◆ Required action
Output the data verbatim, minus the images.

◆ Dataset excerpt
- - - -

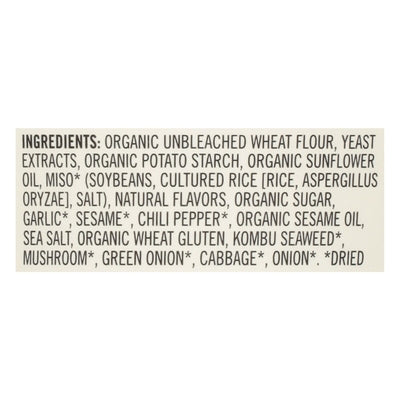 INGREDIENTS: Organic Unbleached Wheat Flour, Yeast Extract, Organic Potato Starch, Organic Sunflower Oil, Miso (Dried) (Soybeans, Cultured Rice [Rice, Aspergillus Oryzae], Salt), Natural Flavors, Organic Sugar, Garlic (Dried), Sesame (Dried), Chili Pepper (Dried), Organic Sesame Oil, Sea Salt, Organic Wheat Gluten, Kombu Seaweed (Dried), Mushroom (Dried), Green Onion (Dried), Cabbage (Dried), Onion (Dried).
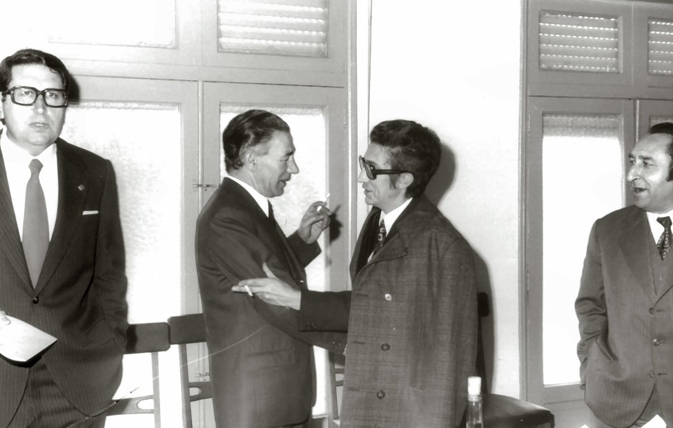 1974. Entrega de una placa al padre de Miriam. En la fotografía entre otros el alcalde de Ribadavia y Braulio que pertenecia a aquella coroporación.
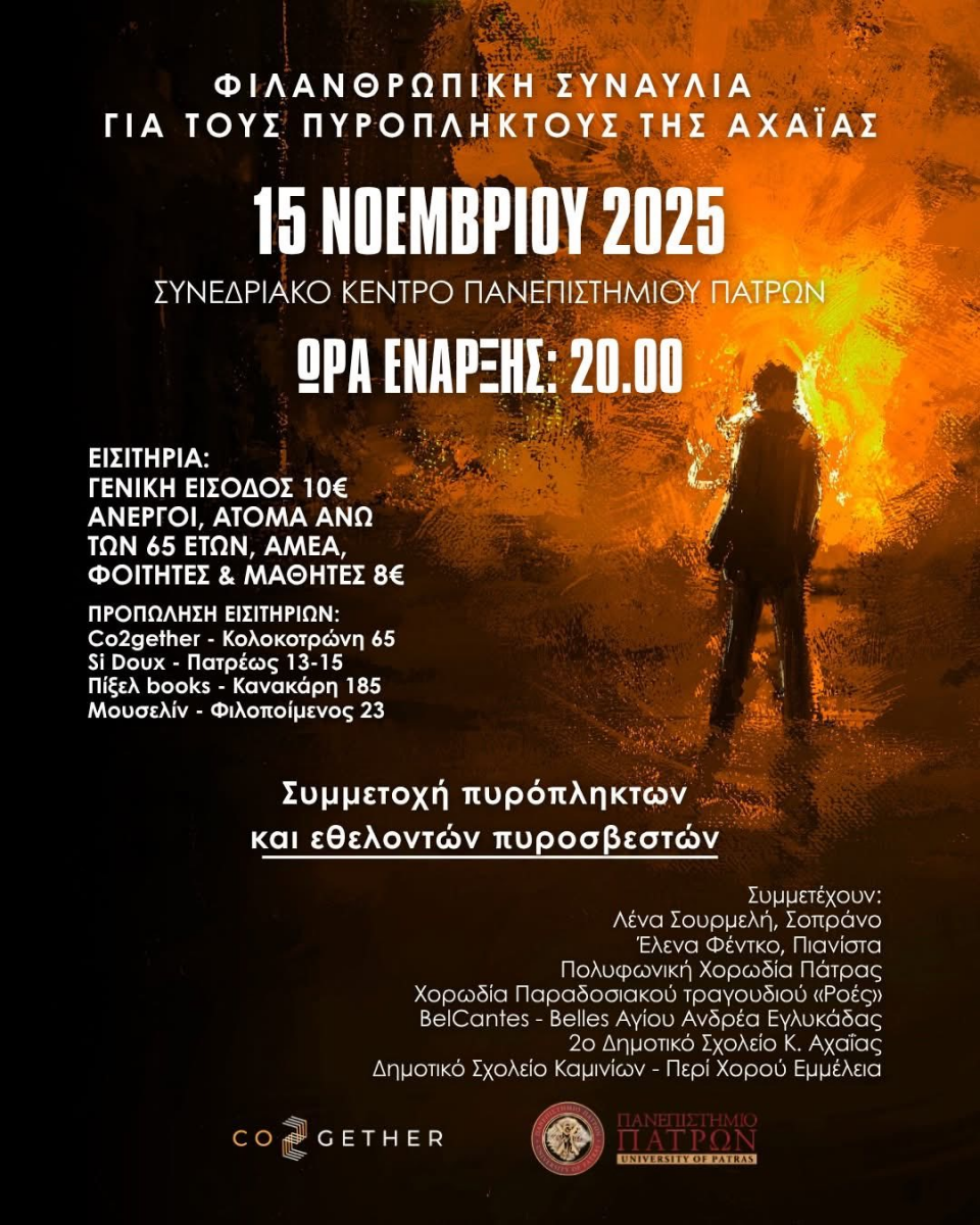 Στις 15 Νοεμβρίου 2025 και ώρα 20:00′ πραγματοποιείται φιλανθρωπική συναυλία για τους πυρόπληκτους της Αχαΐας στο Συνεδριακό Κέντρο του Πανεπιστημίου Πατρών.

- - - -

◆ Response
 INGREDIENTS: Organic Unbleached Wheat Flour, Yeast Extract, Organic Potato Starch, Organic Sunflower Oil, Miso (Dried) (Soybeans, Cultured Rice [Rice, Aspergillus Oryzae], Salt), Natural Flavors, Organic Sugar, Garlic (Dried), Sesame (Dried), Chili Pepper (Dried), Organic Sesame Oil, Sea Salt, Organic Wheat Gluten, Kombu Seaweed (Dried), Mushroom (Dried), Green Onion (Dried), Cabbage (Dried), Onion (Dried).
 1974. Entrega de una placa al padre de Miriam. En la fotografía entre otros el alcalde de Ribadavia y Braulio que pertenecia a aquella coroporación.
 Στις 15 Νοεμβρίου 2025 και ώρα 20:00′ πραγματοποιείται φιλανθρωπική συναυλία για τους πυρόπληκτους της Αχαΐας στο Συνεδριακό Κέντρο του Πανεπιστημίου Πατρών.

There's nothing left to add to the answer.